I took it from him, nodding my thanks, and he retreated to the door. I cleared my throat, realizing I had no idea how to get out of this dress. I figured if anybody in the world knew how to get one of these things off, it would be the blonde Don Juan walking away from me. "Um, Eric?"

"Yes?" He turned his head, one eyebrow raised curiously.

"Could you help me get out of this dress?" I asked, squinting one eye uncertainly. He flashed his bad boy smile at me and turned back into the room immediately.

"I thought you'd never ask," his voice was like velvet but the words were so Typical Eric that I had to snort out a laugh. I turned my back toward him so he could reach the ties.

"If you can just get it untied, I can take it off myself," I told him, wanting to be clear. I heard him make a 'tsk' kinda sound and felt him pulling on the laces.

"As you wish," he sounded martyred and I had to roll my eyes. After a few minutes of tugging and pulling, I felt the heavy outer dress sagging down. He immediately began work on the corset laces. "We'll figure this out, you don't need to fret about it," he said softly behind me. I felt a sudden lump in my throat at his words, and blinked my eyes rapidly a few times.

"I know," I answered, clearing my throat again.

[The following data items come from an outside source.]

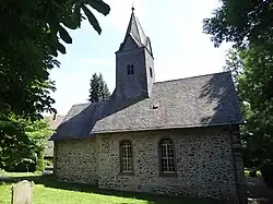 Die Maße des Langhauses basieren auf dem römischen Fuß, was eine Erbauungszeit vor dem 13. Jahrhundert nahelegt.[10] Das Langhaus ist genau 37 römische Fuß lang und 27 römische Fuß breit.[3] Es wird durch Portale an der West- und Südseite erschlossen. Das unregelmäßige Gewände des Südportals geht auf wiederverwendete Teile eines breiteren romanischen Portals zurück. Drei kleine Rundfenster an der Südseite und zwei große Rundbogenfenster an der Nordseite von 1950 belichten den Innenraum. Statt des Emporenzugangs an der Südseite wurde in den 1960er Jahren ein Rundfenster eingelassen.[7] Dem Satteldach ist ein Dachreiter aufgesetzt. Der hohe, verschieferte, quadratische Schaft hat an jeder Seite sehr kleine Schalllöcher für das Geläut. Vier Dreiecksgiebel leiten zu dem vierseitigen Spitzhelm über, der von Turmknauf und Wetterhahn bekrönt wird. Der Dachreiter beherbergt ein Vierergeläut. Die älteste Glocke datiert von 1770. Sie wurde von Freiherr Johann Jacob von Zwierlein gestiftet und von Johann Philip Henschel in Gießen gegossen.[11]
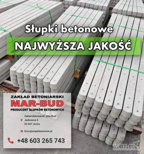 Słupy betonowe producent Mar-Bud Jankowice. Zapraszamy do zakupu solidnie wykonanych i uczciwie zazbrojonych z otworami przelotowymi na drut * Dostępne wysokości od 200 cm do 350 cm. Zapraszamy tel. ;603265743 www.slupkibetonowe.pl
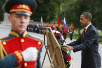 奧巴馬向烈士墓獻(xiàn)花圈

We basically had to figure something out, eventually. I was just worried about how long it would take us. I couldn't imagine being away from Eric for much longer. My Eric, that is. "You're probably losing your mind with worry right now. In the future, I mean."

His hands stopped for the briefest of moments and I'd have loved to see his face right then. He recovered quickly, and a moment later I felt the greatest sense of relief as those laces came loose as well. His hand brushed against my bare neck, sending goosebumps racing down my back.

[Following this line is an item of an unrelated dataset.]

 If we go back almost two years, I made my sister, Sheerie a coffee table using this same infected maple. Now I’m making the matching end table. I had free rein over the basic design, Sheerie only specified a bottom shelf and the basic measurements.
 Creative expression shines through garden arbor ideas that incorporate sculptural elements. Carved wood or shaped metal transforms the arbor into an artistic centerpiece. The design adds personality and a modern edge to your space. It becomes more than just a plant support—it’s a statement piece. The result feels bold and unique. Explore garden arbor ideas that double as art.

"I'd be a fool not to," he whispered against my ear. I could feel his breath against my skin and had to repress the shudder that threatened to shake my body. My breath hitched for a second, but I recovered quickly. I turned to give him some sass but he was no longer behind me. He had zipped into the other room, and I exhaled a deep breath. He was essentially Eric, but technically I'd met him only hours before. I didn't know how I felt about jumping into bed with him right off the bat. I mean, I knew how I felt about it (tingly, excited, rip roaring' ready to go) but I didn't know how I felt about it. Would it be cheating? Technically? If I slept with him off that bat, would he respect me like he should? I know that sounded stupid, but I also knew a big part of his initial attraction to me was my resistance. Did I really want to sleep with him? Or did I want to sleep with him because I knew how much he would mean to me, 500 years down the road?